I am building an extensible application that can handle any kind of product data.  Back in February, I started looking into a Generic Data Model for Custom Product Types.  After getting some feedback from my blog, on StackOverflow, and having some conversations with a few people, here’s the schema that I ended up with.

 DB Schema

Ugly.  Yes.  But this lets me store a single product record, such as “Light bulb,” but have many differently configured light bulbs in the product details table, such as a 45-watt halogen flood light.  The Product schema can be extended to include other fields that are shared by all products, and the ProductDetail schema will support any type of product.  Notice the XML field at the very end of the table that can be used to store anything that doesn’t neatly fit into the predefined columns.

The benefits that I see with this schema are:

  1. Simplicity (It’s flat and easy to understand)
  2. Indexing (I have created indexes for the first 2 columns of each data type)
  3. Extensibility (There’s only 1 table that can store any type of product)

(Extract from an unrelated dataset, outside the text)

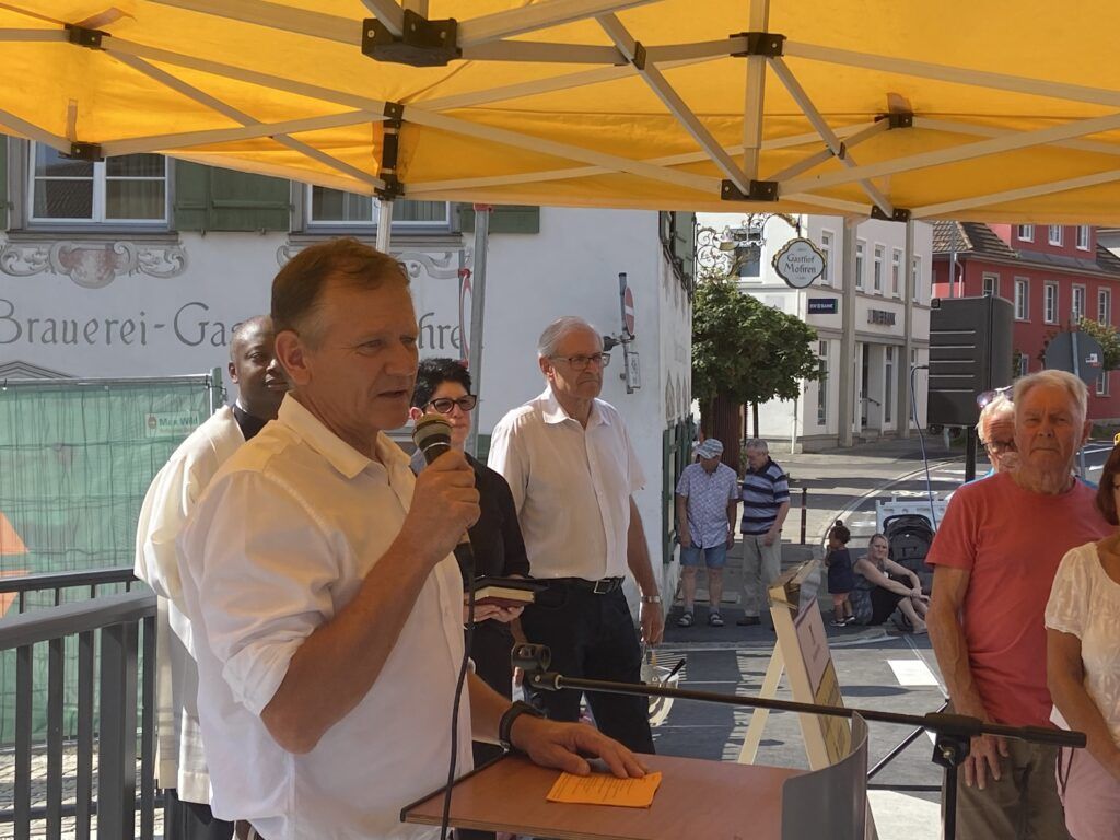 Nicht auf der Bühne befand sich auch Bauleiter und Bauüberwacher Gebhard Bareth (Bild). Regierungspräsident Klaus Tappeser aus Tübingen lobte ihn hörbar. Die neu errichtete Mohrenbrücke sei Bareths berufszeitliche Krönung – so dass der Mann zum 1. November in Rente gehe.

Now that I have the data stored, I’m on to another problem.  How do I translate the generically-stored products into instances of specific products?  My goal is to create an extensible application where I can drop in assemblies that contain different classes for specific products, deriving from a base Product class.  Let me show you what I mean.  First, let’s define the Product class:

   1: public class Product
   2: {
   3:     public string ProductName { get; set; }
   4:  
   5:     protected internal bool? bit0 { get; set; }
   6:     protected internal bool? bit1 { get; set; }
   7:     protected internal bool? bit2 { get; set; }
   8:     protected internal bool? bit3 { get; set; }
   9:     protected internal bool? bit4 { get; set; }
  10:  
  11:     protected internal byte? tinyint0 { get; set; }
  12:     protected internal byte? tinyint1 { get; set; }
  13:     protected internal byte? tinyint2 { get; set; }
  14:     protected internal byte? tinyint3 { get; set; }
  15:     protected internal byte? tinyint4 { get; set; }
  16:  
  17:     protected internal int? int0 { get; set; }
  18:     protected internal int? int1 { get; set; }
  19:     protected internal int? int2 { get; set; }
  20:     protected internal int? int3 { get; set; }
  21:     protected internal int? int4 { get; set; }
  22:  
  23:     protected internal double? float0 { get; set; }
  24:     protected internal double? float1 { get; set; }
  25:     protected internal double? float2 { get; set; }
  26:     protected internal double? float3 { get; set; }
  27:     protected internal double? float4 { get; set; }
  28:  
  29:     protected internal DateTime? datetime0 { get; set; }
  30:     protected internal DateTime? datetime1 { get; set; }
  31:     protected internal DateTime? datetime2 { get; set; }
  32:     protected internal DateTime? datetime3 { get; set; }
  33:     protected internal DateTime? datetime4 { get; set; }
  34:  
  35:     protected internal string string0 { get; set; }
  36:     protected internal string string1 { get; set; }
  37:     protected internal string string2 { get; set; }
  38:     protected internal string string3 { get; set; }
  39:     protected internal string string4 { get; set; }
  40:  
  41:     protected internal Guid? guid0 { get; set; }
  42:     protected internal Guid? guid1 { get; set; }
  43:     protected internal Guid? guid2 { get; set; }
  44:     protected internal Guid? guid3 { get; set; }
  45:     protected internal Guid? guid4 { get; set; }
  46:  
  47:     protected internal decimal? money0 { get; set; }
  48:     protected internal decimal? money1 { get; set; }
  49:     protected internal decimal? money2 { get; set; }
  50:     protected internal decimal? money3 { get; set; }
  51:     protected internal decimal? money4 { get; set; }
  52:  
  53:     protected internal XElement xml { get; set; }
  54: }

This obviously maps to the database.  My Linq-to-SQL based repository can return instances of this Product class after projecting from the database.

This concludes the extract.